The listening Azalea smiled, incredulously at Nita's protests, and murmured:
"She is pretending to be coy, the coquette. But it is not true that she is in no hurry to marry him. She will doubtless elope with him in a week. But why does she put such stress on a year—a whole year?" and the words sunk deep in Azalea's memory to be recalled in fateful after days.
It was crowded with the elements of tragedy and despair, the love-story of Nita! And while struggling desperately for just a little happiness, she was forging the fetters of a cruel fate. Weak and loving, she said to herself:
"What can it matter if I love him just a little while? A few loving words and kisses, that will be all my sin, and it seems to me that even the angels might pity me for so small a wrong. I am cheating Miser Farnham of nothing, for I shall never be his wife in reality. When the day comes for him to claim me, I shall be lying dead. His offer only put off my death one year longer."

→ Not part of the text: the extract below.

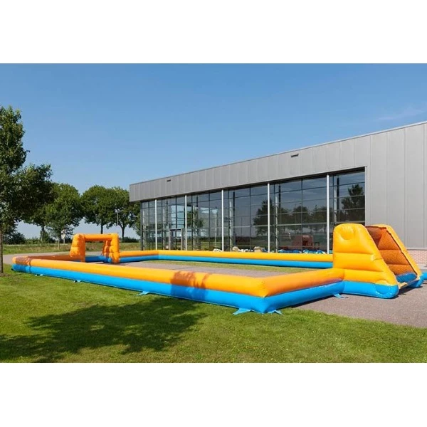 De voetbalboarding is in mum van tijd te plaatsen waarna het voetballen kan beginnen. De voetbalboarding is perfect om in te zetten tijdens evenementen, een zeskamp of sportactiviteiten. De voetbalboarding bestaat uit één deel, waardoor het gemakkelijk te vervoeren is. De boarding wordt geleverd inclusief blower, verankeringsmateriaal, transportzak en een duidelijke handleiding. Zo heb je direct alles bij elkaar voor een mooie beleving!

And kneeling by her bed that night, Nita innocently thanked God for Dorian's love, and prayed that she might have just a few months of happiness.
Before retiring, Dorian had written a letter to a friend in New York asking him to come down to Pirate Beach to see him. He hoped to be strong enough in a few days to go out, and with his heart on fire at the angry words Donald Kayne had rashly spoken to Nita, he was resolved on sending Kayne a challenge to a duel.
In the meantime, his perplexed thoughts ran constantly on Nita, the wonderful serpent-ring, Kayne's interest in it, and the young girl's mysterious refusal to explain how it came into her possession, and last, but not least, he was full of wonder at Nita's assertion that Miser Farnham would sooner kill her than permit her to marry him.
"That is very, very strange," mused Dorian. "Why should he object to me for Nita's husband? He lives in New York, and he must certainly know that I am considered an unexceptionable parti. I certainly shall not give up Nita if I have to elope with her, and thus defy her crusty old guardian."
It was strange how this new love had struck its vigorous roots deep down into Dorian's nature. Some loves he had had before, but they had burned themselves out in brief flirtations, and he had grown to distrust the sex. Then all at once he had come to a new era in life.
In the very depths of his soul Dorian felt that thiswas a resistless passion sweeping him before it like a feather on the waves.
Several days passed away very quietly and uneventfully—the quiet that precedes the storm. To the surprise and relief of the lovers no effort was made by the Courtneys to hinder the course of their true love. Azalea raved in secret, and smiled in public. Through Donald Kayne she hoped to avenge her fancied wrongs on both.
One day while lingering in the grounds with Nita, Dorian told her simply the story of his acquaintance with Azalea.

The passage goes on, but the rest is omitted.